We were so unkind. Vanilla deserved better.
Native to Central America, and today cultivated in Mexico, Madagascar, Tahiti and Indonesia, vanilla is the fruit of a perennial orchid. When harvested, the pods have no aroma or flavor; those qualities come out during the drying-and-sweating process as the pods ferment.
Contrary to everything I thought I knew when I was growing up, vanilla is neither the opposite of chocolate nor the absence of chocolate. In fact, the two tastes go hand-in-hand, because cacao beans often were ground together with vanilla beans, and our collective taste buds have come to prefer the slightly vanilla-ized taste of chocolate.
Store vanilla beans in an airtight container, away from light. They'll keep for two years or more, and can be used over and over; even if the beans have dried out, they often can be reconstituted in water, or ground to a powder and mixed into sugar.
Five pounds of fresh pods will yield one pound of cured vanilla beans, best used in dishes like custards, ice cream and cakes, where the liquid in the recipe helps draw the flavor from the bean. Use them when you want your dish to look vanilla, in marionberry caramel swirl ice cream or cheesecake bars or marshmallows, or to taste vanilla, in mashed sweet potatoes or white asparagus soup.

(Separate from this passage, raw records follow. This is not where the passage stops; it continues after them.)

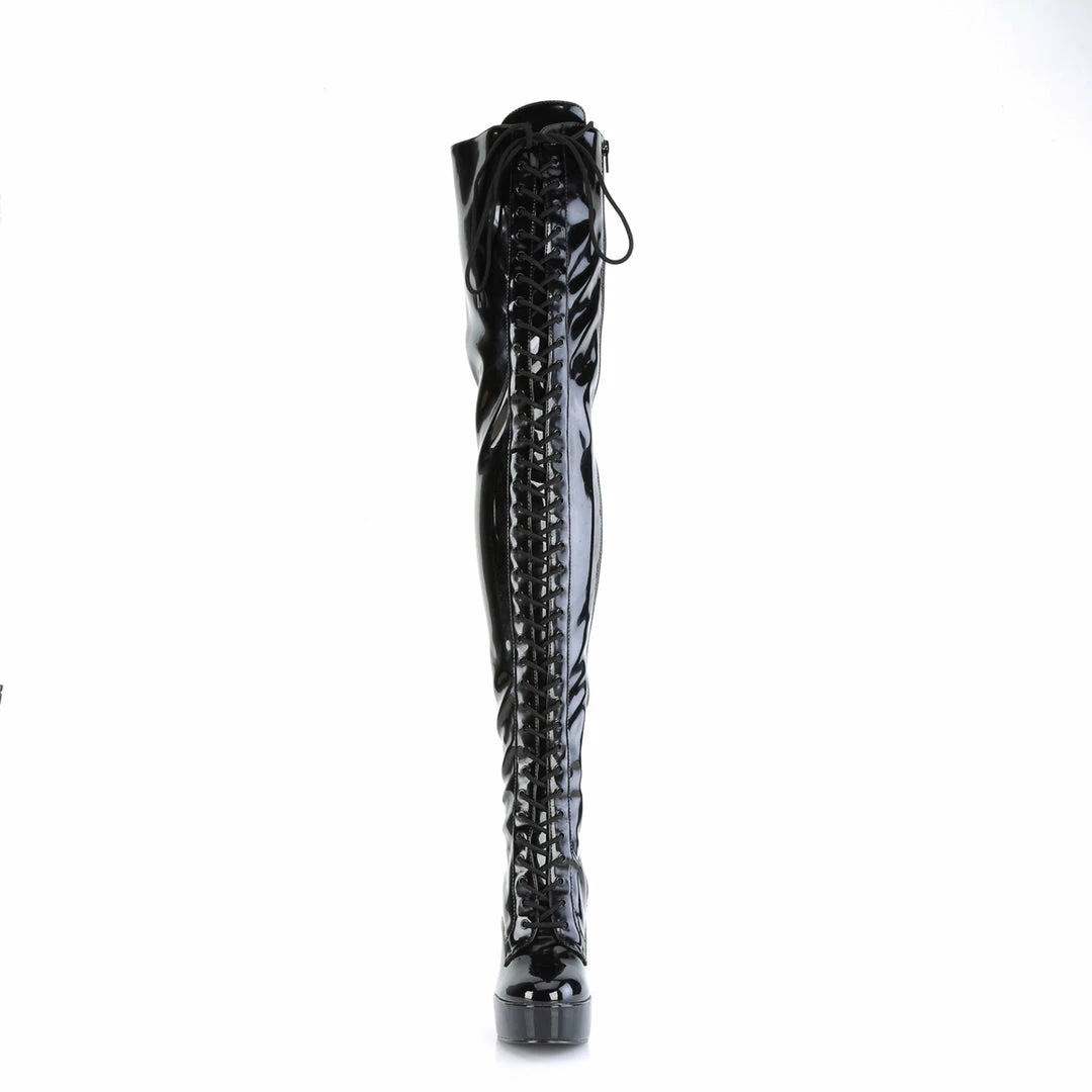 5″ (12.7cm) stack heel, 1 1/2″ (3.8cm) platform lace up front stretch thigh high boot with full length inside zip closure.
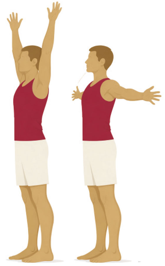 Strecken Sie beide Arme nach oben und führen Sie sie auf Schulterhöhe nach hinten. Das löst Verspannungen und versorgt das Gehirn mit frischem Sauerstoff.
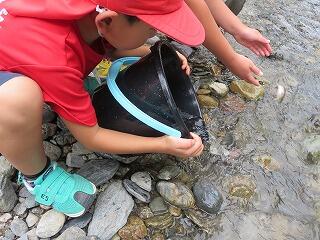 安全に気を付けながら川原に降りて、バケツリレーで稚魚を運びます。
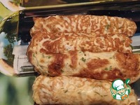 На сковородке не большого диаметра испечь яичные блинчики. |
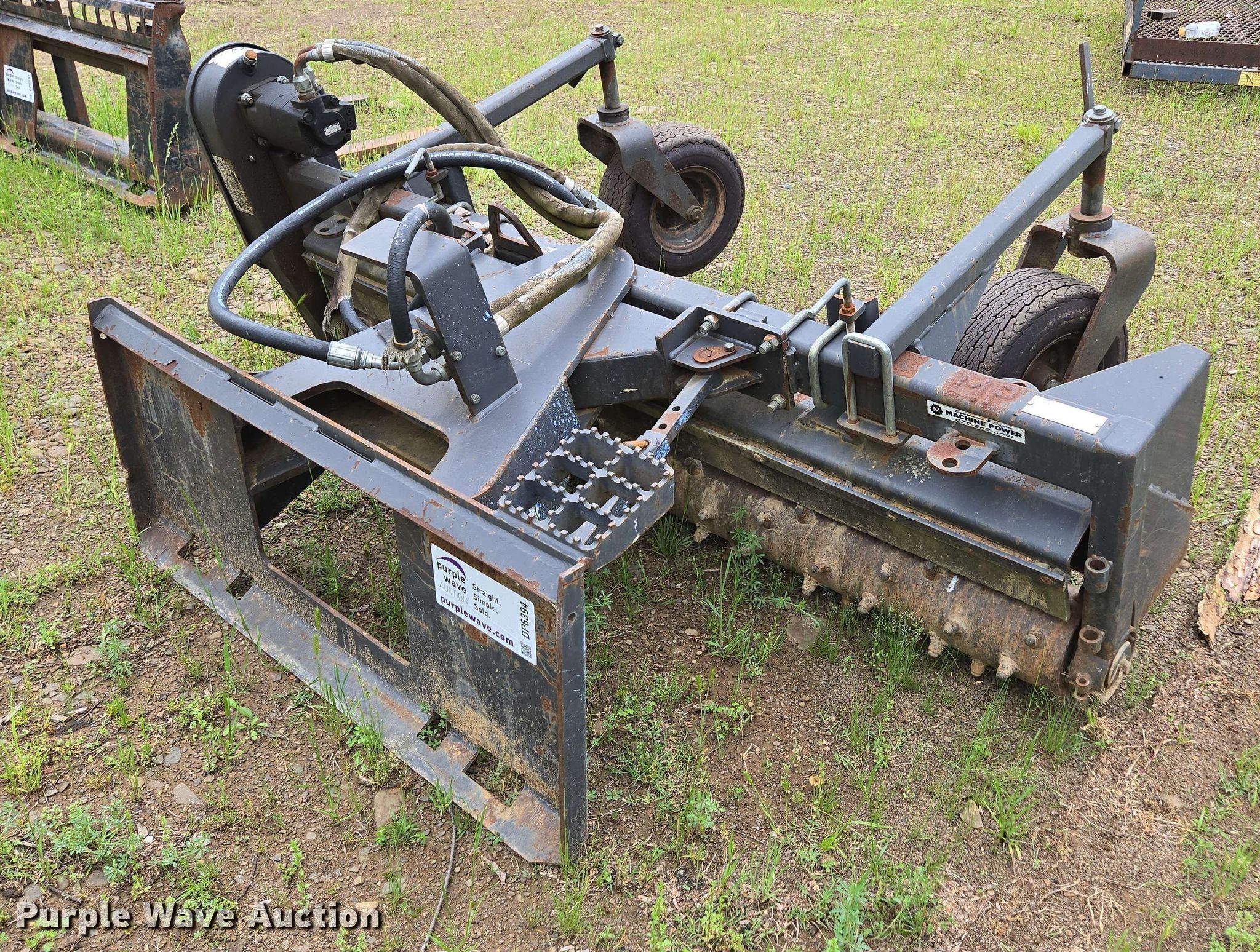 Harley M6M skid steer power rake. Serial: 1120400, Width: 72". Notes Hydraulic leak. Estate of Mike Haughton. Mountainburg, AR 72946
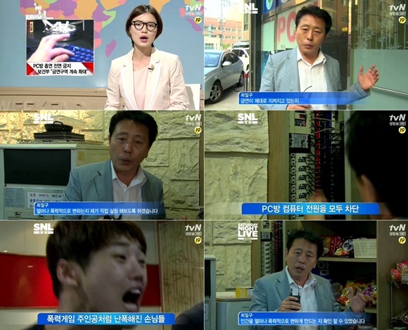15일 오후 방송된 tvN 'SNL코리아'의 코너 '위켄드 업데이트'에서 최일구는 '현장출동'이라는 코너 속 코너로 야외 VCR 촬영에 나섰다. 그는 피시방 전원을 내린 후 게임의 폭력성을 진단하는 실험으로 비난여론을 맞았던 MBC 뉴스 내용을 그대로 패러디해 금연 구역으로 설정된 피시방 전원을 내려 손님들의 폭력성을 진단(?)했다.
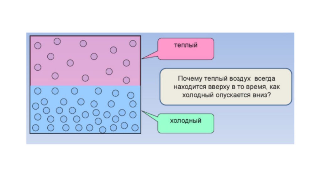 Холодный воздух плотный и тяжелый. Молекулы его движутся медленно и «жмутся» друг к другу. Под действием гравитации такой воздух стремится вниз. Теплый воздух разреженный и легкий. Молекулы активны, расстояние между ними больше. Он всплывает вверх, как поплавок.
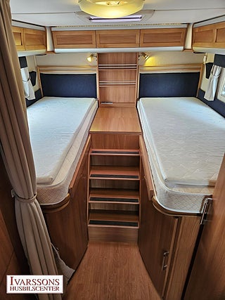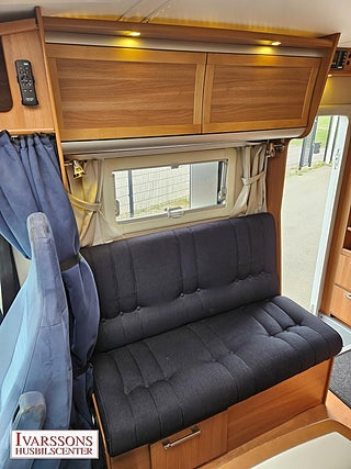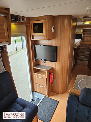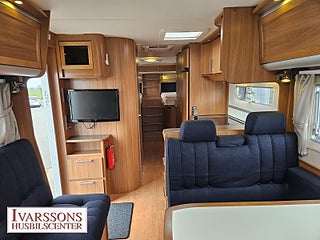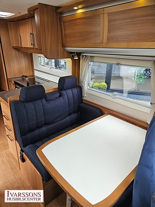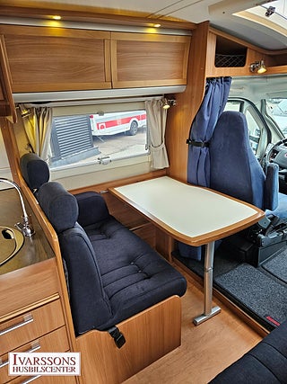 Modellår: 2012, Motor: Fiat Ducato 3.0 JTD, Karosstyp: Halvintegrerad, Värmesystem: ALDE - vattenburen centralvärme, Försäkring: ca 5 000 kr/år, Instrumentpanel med trädekor, ALDE - vattenburen centralvärme, Klimatanläggning - bildel, Gasolugn med separat grill, Stort kylskåp med separat frys, Fönster med mörkläggning/myggnät, Färskvattentank - frysskyddad, Spillvattentank - frysskyddad, Multimediaspelare med Backkamera, Lastluckor - dubbla till garage, Lastutrymme - stort garage, Luftfjädring
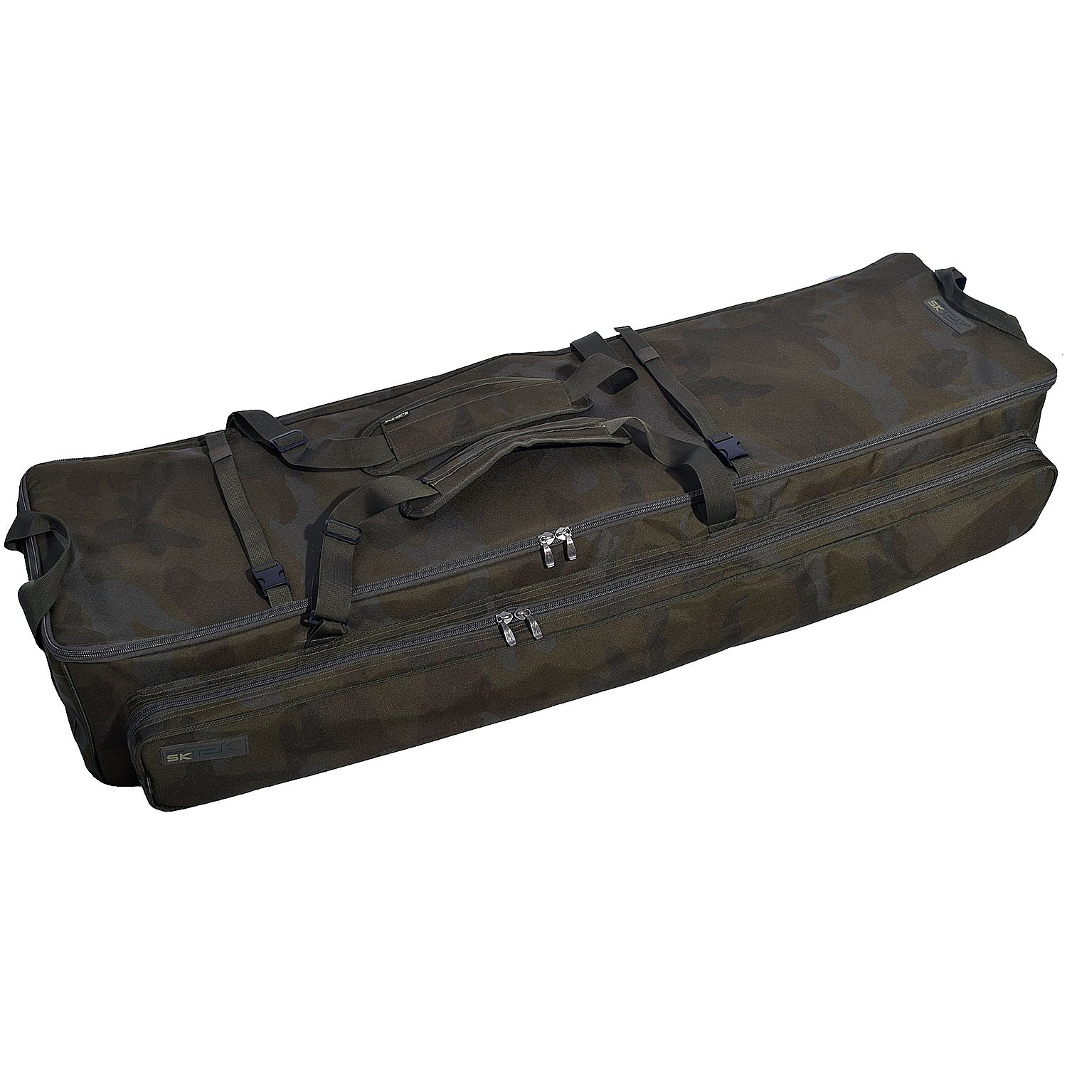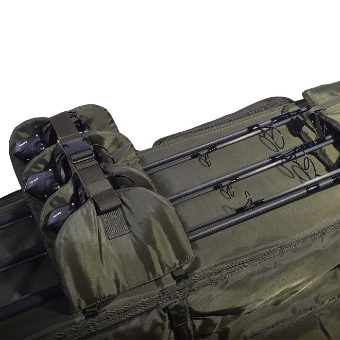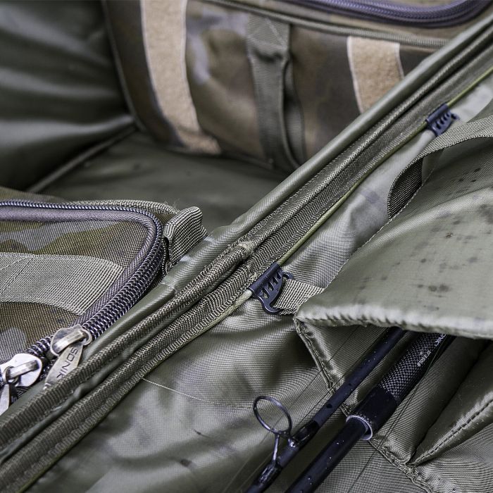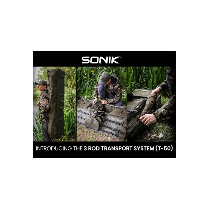 Sonik introduceert het ultieme 3-hengel transportsysteem. De afmetingen zijn zodanig dat er drie intrekbare karperhengels met 44 of 50 inpak lengtes in passen. Dankzij het intelligente, aanpasbare ontwerp accepteert het systeem stangen met verschillende handgreeplengtes. Door de hengels op het binnenste uitklapbare deksel te plaatsen, heeft u snel toegang tot uw uitrusting in de drie afneembare zakjes die perfect onder uw stretcher zijn opgeborgen. Het transportsysteem kan ook worden opgevouwen om het gemakkelijk op te bergen en is gemaakt van ons ultrasterke PVC-ondersteunde 600D SK-TEK camo-materiaal met een HD-waterdichte ondergrond. Er zijn ook twee bovenste compressiebanden voor extra accessoires en de draagbanden kunnen ook als rugzakharnas dienen.

Nothing boring about that.
Pears poached in vanilla
The pears in the photo, while clearly not poached, were harvested from our own pear trees. We don't spray, so they're not the most beautiful pears in the world, but we're inordinately proud of them. This recipe, which can be varied with the addition of ginger or saffron, serves 4.
6 cups water
2 cups granulated sugar
2-3 long strips of lemon zest
1 vanilla bean, split lengthwise
1 star anise
4 ripe but firm Bartlett or Anjou pears
In a deep straight-sided, nonreactive saucepan, add the water, sugar, lemon zest, vanilla bean seeds and pod, and star anise and bring to a boil over high heat, stirring until sugar is completely dissolved.
Peel the pears, leaving the stem intact. Slice off just enough of the bottom of each pear to create a flat, stable base.
Reduce heat to keep poaching liquid at a bare simmer and add the pears, laying them on their sides. Gently turn the pears occasionally, and cook until they are just tender when pierced with a knife, about 6-9 minutes. Allow pears to cool completely in their poaching liquid. Stand each pear upright on a plate to serve, or transfer pears and poaching liquid to an airtight container and store in the refrigerator for up to 2 days.